You cannot have a great sex life with a flaccid pubococcygeus (PC) muscle. It’s just not possible. You won’t be able to grasp his penis as tightly as you’d like when he’s inside you. You won’t have the ability to make your orgasm come on faster, longer, and stronger. Without exercising this critical muscle after childbirth, you will never regain sexual tone. (And do you think so many women would need adult diapers if they had a stronger PC?)
Do your Kegels. It’s critical to your sex life and just not that hard to do. Standing in line, driving, working out, reading a book, watching TV—Kegel time, any time. And yes, he needs to have a strong PC muscle too to sustain intercourse longer and have some control over his ejaculation.
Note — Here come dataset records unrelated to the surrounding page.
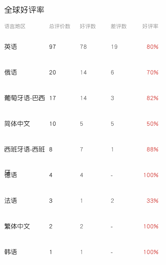 在不同语种的反馈中,英语区的好评率为80%,而俄语区的好评率则较低,只有70%。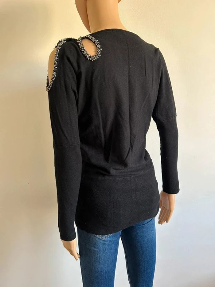 Pull noir à manches longues avec perles argentées Morgan taille S TBE - photo numéro 8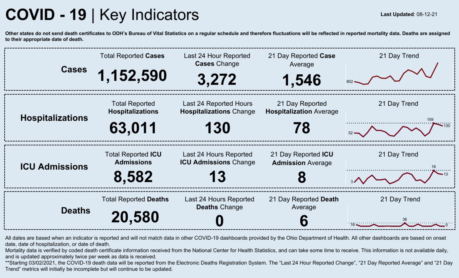 “We’re continuing to see a troubling increase of COVID 19 cases statewide,” ODH Director Dr. Bruce Vanderhoff said Thursday. “The increases in cases and hospitalizations can largely be contributed to the delta variant.”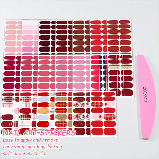 SILPECWEE 560 Pieces 40 Sheets Nail Polish Strips, Red Nail Stickers Full Nail Wraps for Women, Self Adhesive Gel Strips Manicure Design, Fingernail Sticker Nails with File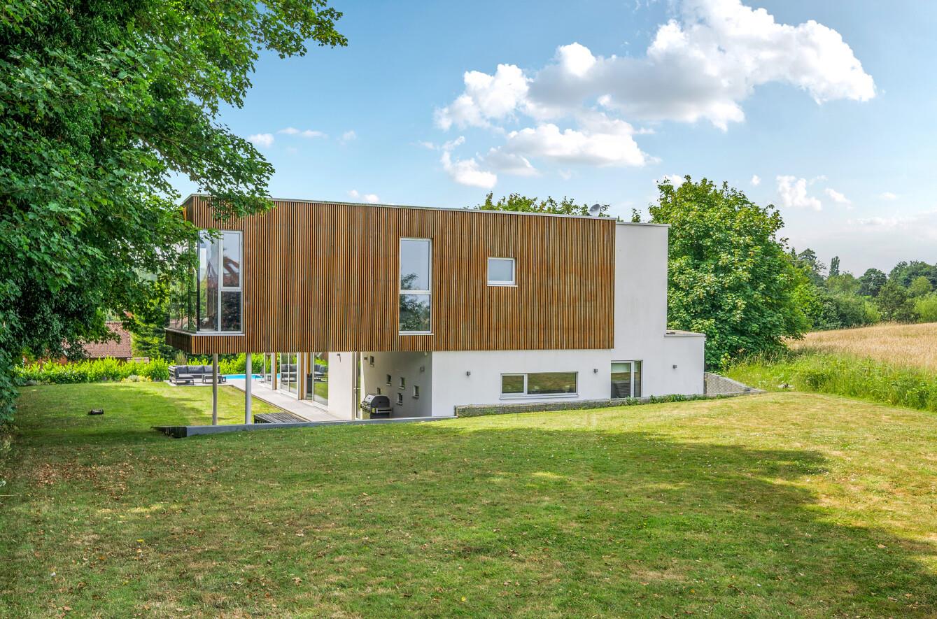 Fine & Country proudly presents this architect-designed contemporary residence of distinction, quietly positioned on the semi-rural fringes of the award-winning market town of West Malling. Striking in both form and finish, this five-bedroom home pairs bold architectural vision with everyday functionality - creating a curated living environment defined by clean lines, natural materials and exceptional light.

The PC muscle is a hammock-like muscle that stretches from the pubic bone to the coccyx (tailbone) in both sexes. It forms the floor of your pelvic cavity. Locate your PC muscle by stopping and starting the flow of urine. After you have found the PC muscle, start with a short Kegel sequence, and then add a long Kegel sequence.
Short Kegel Sequence
Contract the muscle 20 times at approximately one squeeze per second. Exhale gently as you tighten only the muscles around your genitals (including the anus), but not the muscles in your buttocks. Don’t bear down when you release. Simply let go.
Do two sets of 20 twice a day. Gradually build up to two sets of 75 per day.
Long Kegel Sequence
Hold the muscle contractions for a count of three. Relax between contractions. Work up to holding for ten seconds, then relaxing for ten seconds. Again start with two sets of 20 and build up to two sets of 75.
Once you are doing 300 contractions a day of the combined short and long sequences, you will be ready to add the push-out.
The Push-Out
After releasing the contraction, push down and out gently, as if you were having a bowel movement with your PC muscle. I said gently. It’s a slow release of that muscle, with some light pressure exerted while pushing down (out).
Once you’ve mastered the push-out, create Kegel sequences that combine long and short repetitions with push-outs. After six weeks of daily sets of 300, you should have a well-developed PC muscle and can keep it that way by doing sets of 150 several times a week.